1. $var$ is the sum of $n$ independent $p$-Bernoullli variables, hence $var follow bern(n,p)$ (binomial distribution).

2. We have to compute the expectation of a binomial random variable $var = var_(1) + dots + var_(n)$, where each $var_i$ is a Bernoulli variable. Since expectations are linear we can compute the expectation of the Bernoulli variables, and sum them:
$
ex(var_(i)) = 1 dot p + 0 dot (1-p) = p
$
$
ex(var_(1) + dots + var_(n)) = ex(var_(1)) + dots + ex(var_(n)) = n p
$
For example, if $p = 0.5$ and $n = 10$, this means that the archer expects to hit the target $5$ times. 

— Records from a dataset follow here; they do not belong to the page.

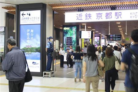 改札付近で警戒に当たる京都府警鉄道警察隊の隊員。プロの目で盗撮犯の不審な動きをキャッチする=6月30日午前、京都市下京区の近鉄京都駅【拡大】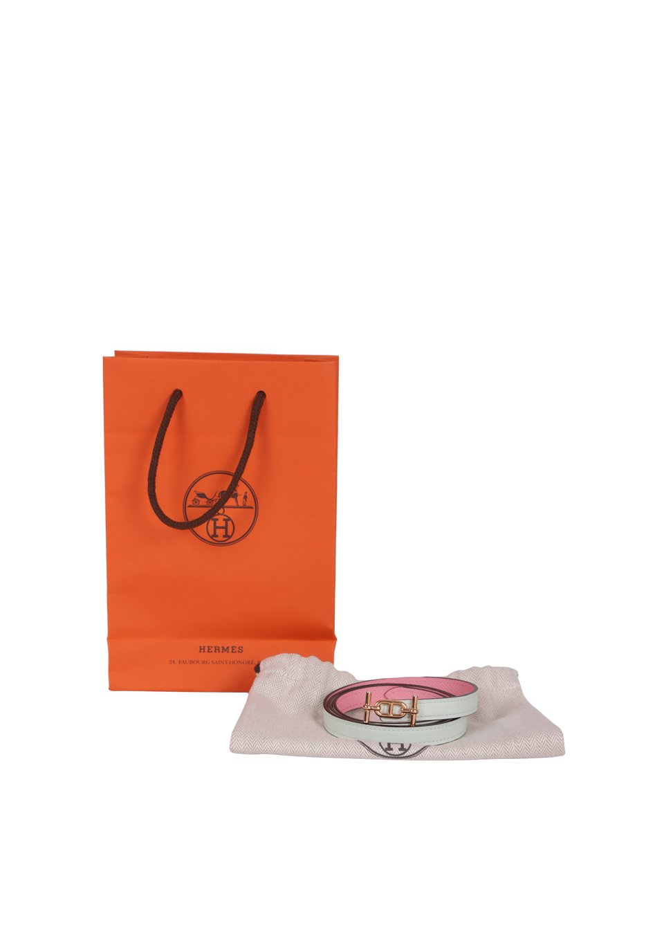 Descrição do Material: Couro Swift verde e couro Epsom rosa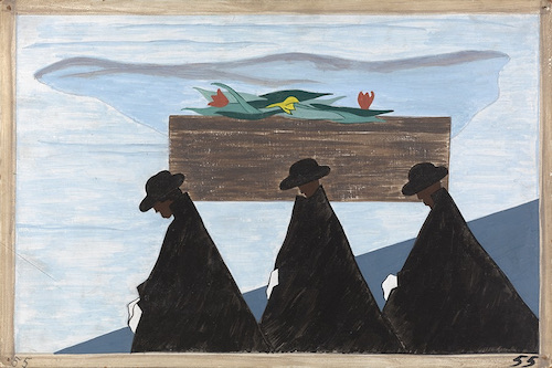 He planned to have the projected sixty works completed by 1956, but by then he had done only thirty, and it was thought to show this first half that year. But perhaps because the possibility of a single buyer was at first remote—he very much wanted them to stay together—he did not continue. (They have not stayed together.) Maybe he felt that he had said enough. Much as one would like to know how he would have handled his projected next large topics—the Civil War and industrialism—the pictures in the Met’s show, which was organized by the Peabody Essex Museum in Salem, Massachusetts, feel like a full story in themselves, in part because they do not add up neatly. In many instances, Lawrence’s meanings are elusive.

3. Let's compute the variance of a Bernoulli and a binomial variable by @eq:variance-difference:
$
ex(var_(i)^(2)) = 1^(2) dot p + 0^(2) dot (1-p) = p
$
$
Var(var_(i)) = ex(var_(i)^(2)) - ex(var_(i))^(2) = p(1-p)
$
By independence, $Var( var_(1) + dots + var_(n)  ) = Var(var_(1)) + dots + Var(var_(n)) = n p (1-p)$. To find the value of $p$ that maximises the variance differentiate: $n(1-2p) = 0 implies p = 0.5$.

4. Let $varalt_(i) = $ gain of $i$-th shot. Then $ex(varalt_(i)) = g p - l (1-p)$, and 
$
ex(varalt = varalt_(1) + dots + varalt_(n)) = n[ g p - l (1-p) ]
$
For example if $n = 10$, $g = 1$, $l = 2$, we have $ex(varalt) = 30 p - 20 $; and if furthermore $p = 0.5$ then $ex(varalt) = -5$.

5. To find the value of relation between $g$ and $l$ required to have an expected gain of zero solve the equation $ex(varalt) = 0$ to get
$
g/l =  (1-p)/p.
$
Thus as the probability $p$ to hit the target goes to zero, a very big $g/l$ is required to guarantee an expected gain of zero; viceversa $g/l$ becomes infinitely small as $p to 1$. At $p = 0.5$, as one would expect, $g = l$. 



#exercise(name: "Martingale doubling betting system")[See @ex:martingale.]